In the case \(f(t)\) is primitive, the period of the sequence is \(2^n-1\). It is an interesting problem to find such primitive polynomials given \(n,m\) and it is studied extensively.

Twisted GFSR [MK92]

In the 1992 paper by Matsumoto and Kurita, a twisted version of the GFSR is defined to increase the period of the sequence.

In the above algorithm, Step 4 is replaced by the following:

\[ x[l] \leftarrow x[(l+m)\ mod\ n] \oplus (x[l] \gg 1) \oplus a’ \]

where \( a’ \) is zero if LSB of x[l] is zero, and it is the constant \(a \in \mathbb{F}_{2^w}\) otherwise. \( w \) is defined to be the degree of the extension of the base field, usually one of 16, 32 or 64.

The modification can be seen as in the following connection polynomial.

\[ x_{l+n} : = x_{l+m} \oplus x_l A, \quad l=0,1,\ldots \]

where \(A\in GL(w, \mathbb{F}_2) \), a non-singlar matrix with elements from the base field and \(x[l]\) is a row vector. It is chosen to be in the following form for wordsize 8:

\[ A = \left( \begin{matrix} a_7 & 1 & 0 & 0 & 0 & 0 & 0 & 0 \\ a_6 & 0 & 1 & 0 & 0 & 0 & 0 & 0 \\ a_5 & 0 & 0 & 1 & 0 & 0 & 0 & 0 \\ a_4 & 0 & 0 & 0 & 1 & 0 & 0 & 0 \\ a_3 & 0 & 0 & 0 & 0 & 1 & 0 & 0 \\ a_2 & 0 & 0 & 0 & 0 & 0 & 1 & 0 \\ a_1 & 0 & 0 & 0 & 0 & 0 & 0 & 1 \\ a_0 & 0 & 0 & 0 & 0 & 0 & 0 & 0 \\ \end{matrix} \right) \]

This explains the significance of the least significant bit of \( x[l] \). If the LSB is on, then the last row of \(A\) is added.

\[ a = \sum_{i=0}^{w-1} a_n x^i \]

Let \( \varphi_A(t) \) be the characteristic polynomial of \(A\).

\[ \varphi_A(t) = det(tI_w - A) \]

where \(I_w\) is the \(w \times w\) identity matrix. Then, Theorem 1 in the paper proves the following:

\( \varphi_A(t^n+t^m)\) is a primitive polynomial if and only if the period of the sequence is \(2^{nw} -1 \)
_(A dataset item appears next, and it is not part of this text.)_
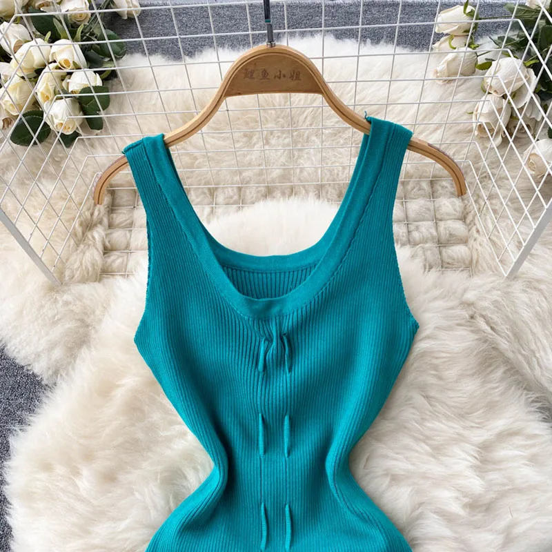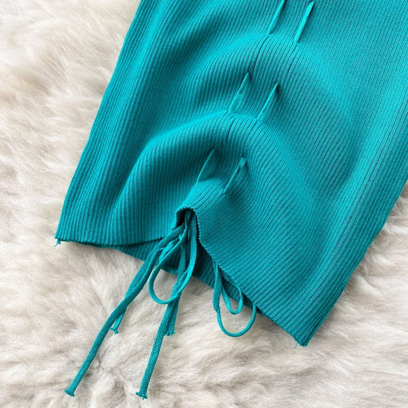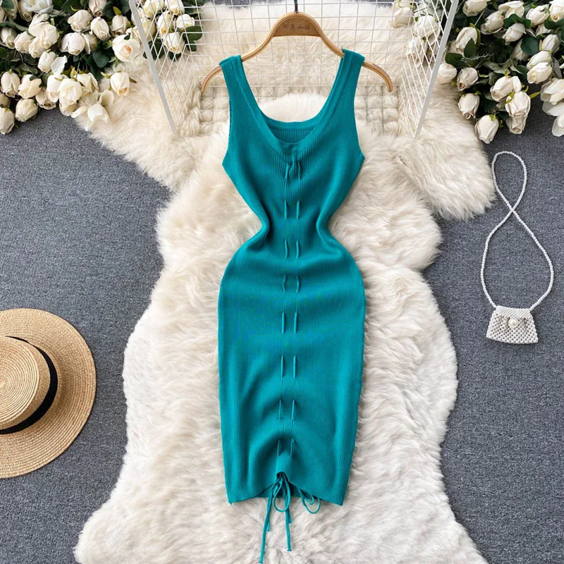 Summer Sexy V Neck Backless Thin Elastic Rib-Knit Drawstring Wrap Vest Dress Women Casual Chic Slim Bodycon Dresses Ladies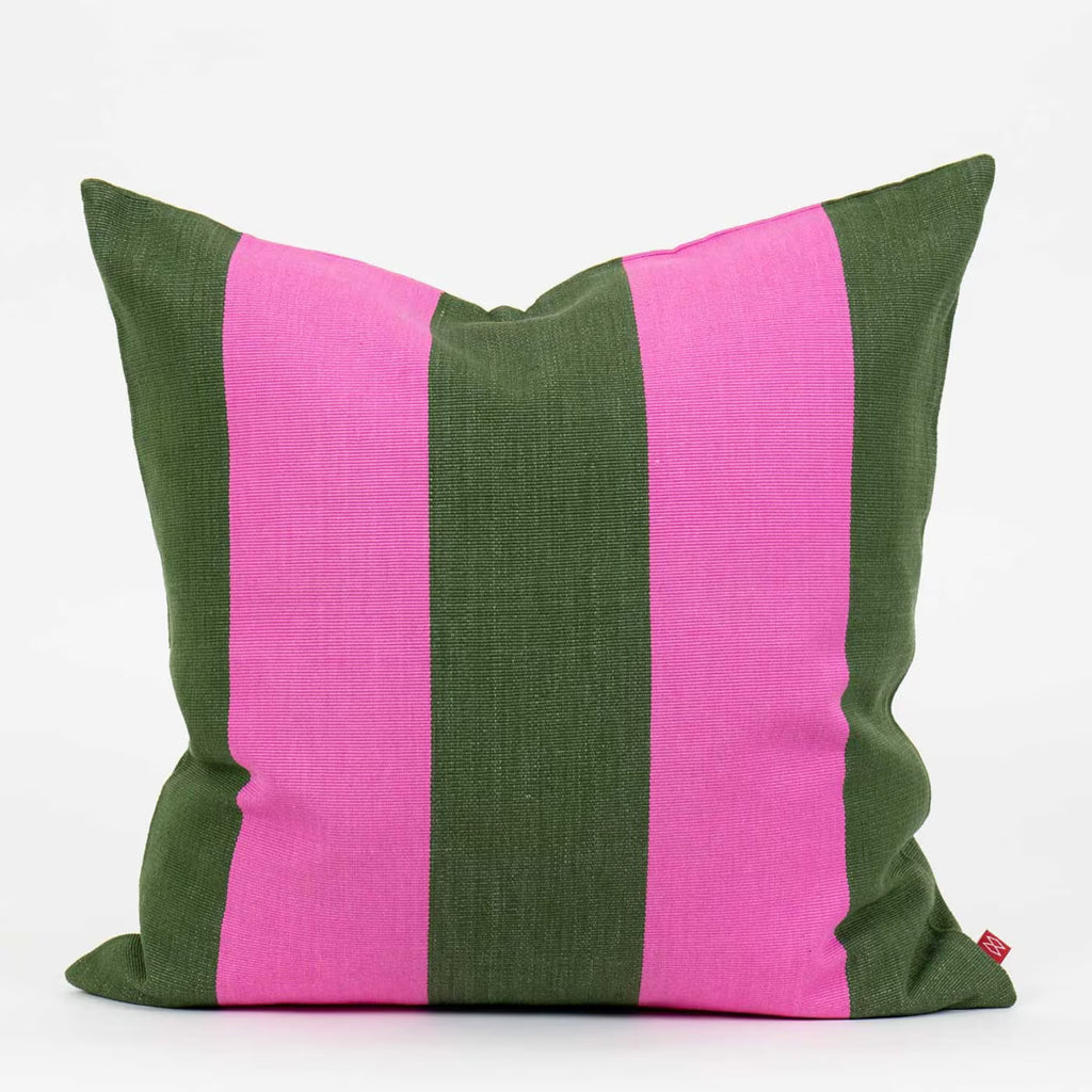 A cushion cover in a durable, handwoven reps quality. The same pattern appears on both sides, with a zipper along the edge.

In this case, the sequence is called m-TGFSR sequence of maximal length. We are left with finding such parameters \(n,m\) where the connection polynomial stays irreducible with a primitive root. Theorem 2 provides the conditions exactly for this to hold.
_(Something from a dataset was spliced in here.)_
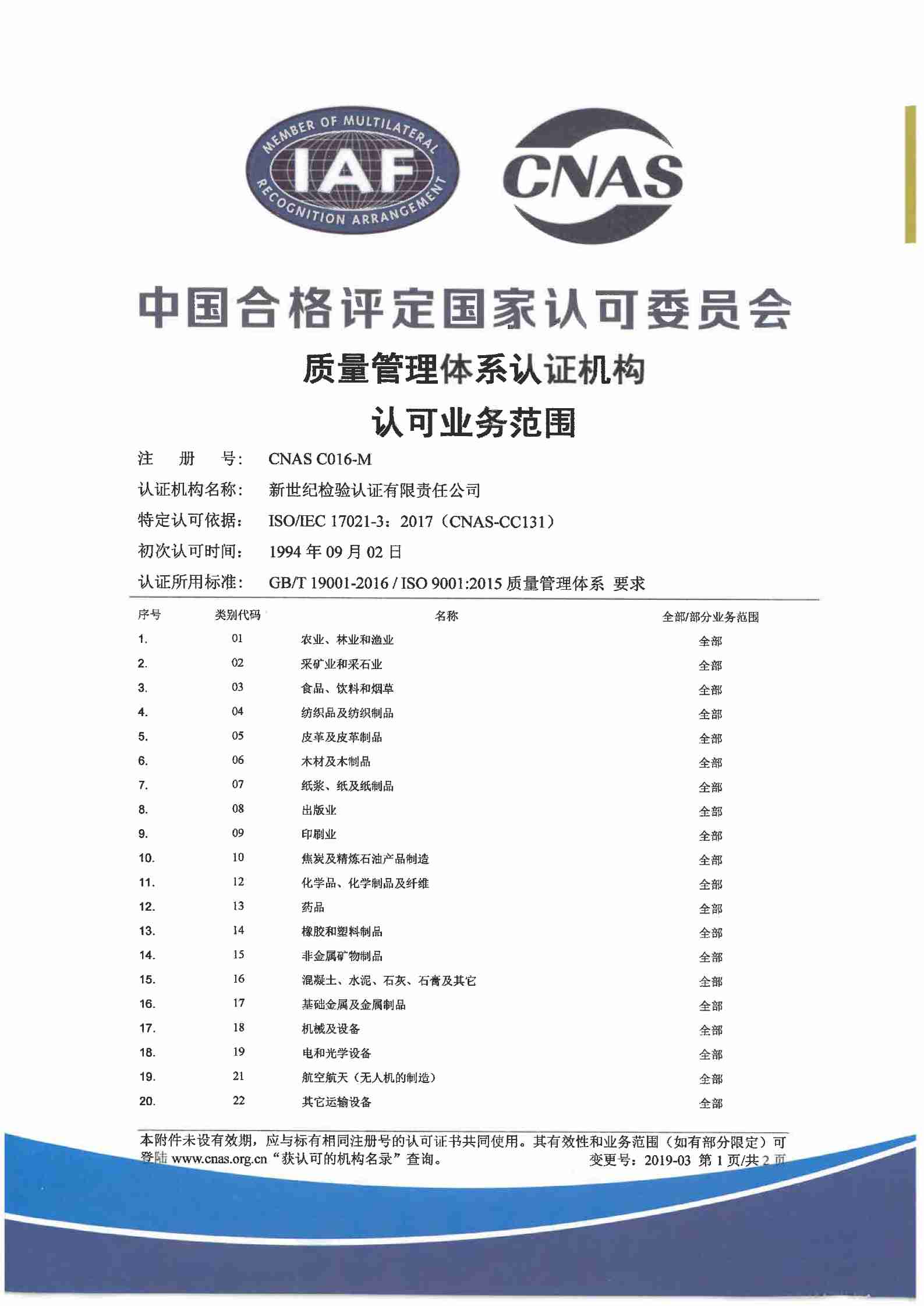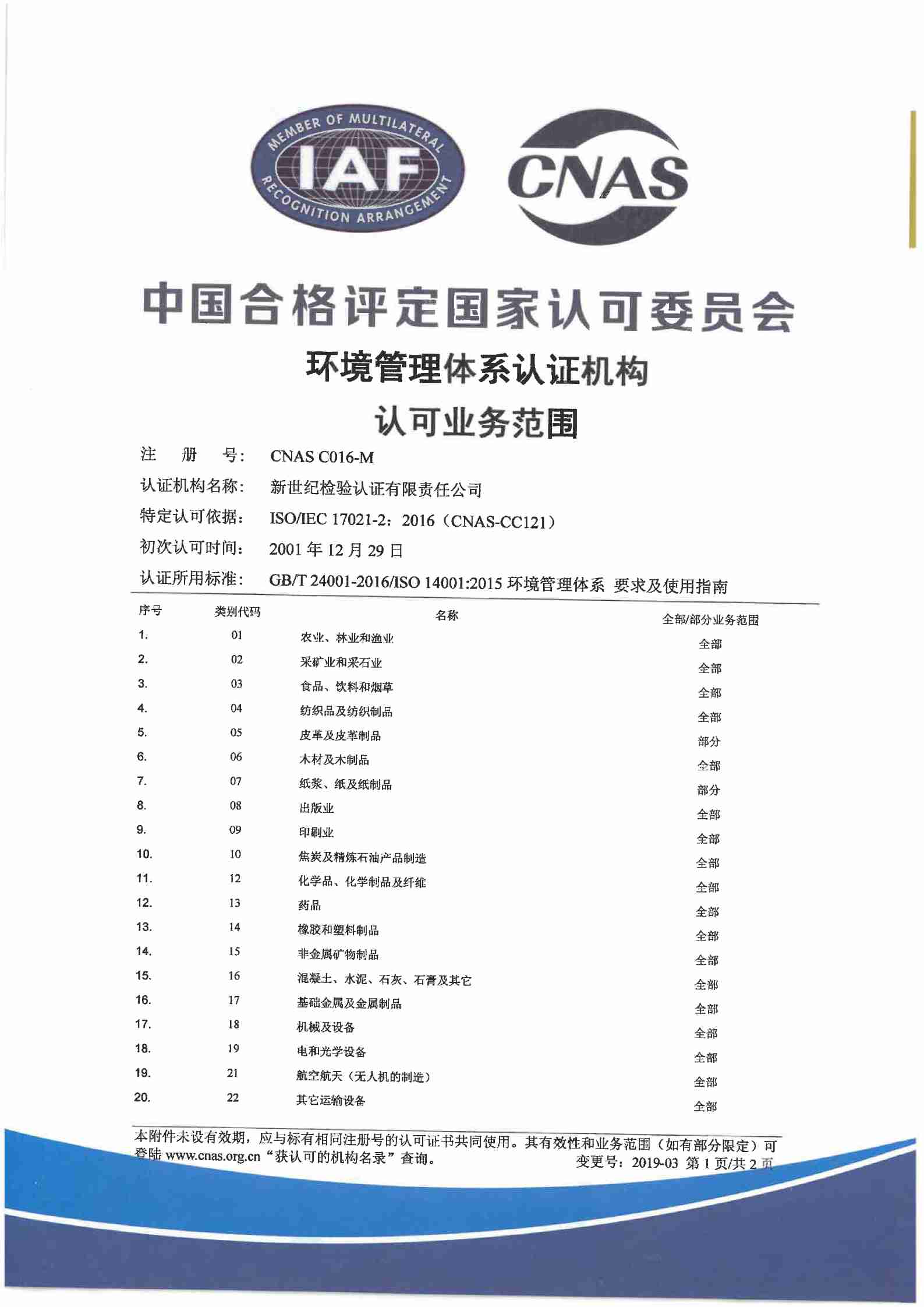 環(huán)境管理體系認(rèn)證機(jī)構(gòu)認(rèn)可證書(一) |

  1. The polynomial \(\varphi_A(t)\) is irreducible,
  2. The polynomial \( t^n + t^m + \eta \) is primitive over \( \mathbb{F}_{2^w} \)

where \( \eta \) is a root of \( \varphi_A(t) \) s.t. \(\varphi_A(\eta) = 0 \) holds. Now the problem boils down to finding a degree \(n\) extension of \( \mathbb{F}_{2^w} \). Fortunately, Proposition 1 guides us through that maze.

Let \( \eta \) be an element of \(\mathbb{F}_{2^w}\). The polynomial \(f(t) = t^n+t^m+\eta\) has an even number of irreducible factors hence is not irreducible if one of the followings hold.

  1. \( n \equiv \pm 3\ mod\ 8, w:odd, m:even, m \nmid 2n \),
  2. \( n \equiv \pm 3\ mod\ 8, w:odd, m:odd,\ n-m \nmid 2n \),
  3. \( n:even, m:even\),
  4. \( n:even, n\neq 2m,\ and\ nm \equiv 0,2\ mod\ 8 \),
  5. \( n:even, n\neq 2m, nm \equiv 4,6\ mod\ 8, w:even \)

The Linux PRNG - Theory of Operation [GPR06], [LRSV12]

In this section, I’ll follow the 2012' paper The Linux Pseudorandom Number Generator Revisited by Lacharme, Rock, Strubel and Videau.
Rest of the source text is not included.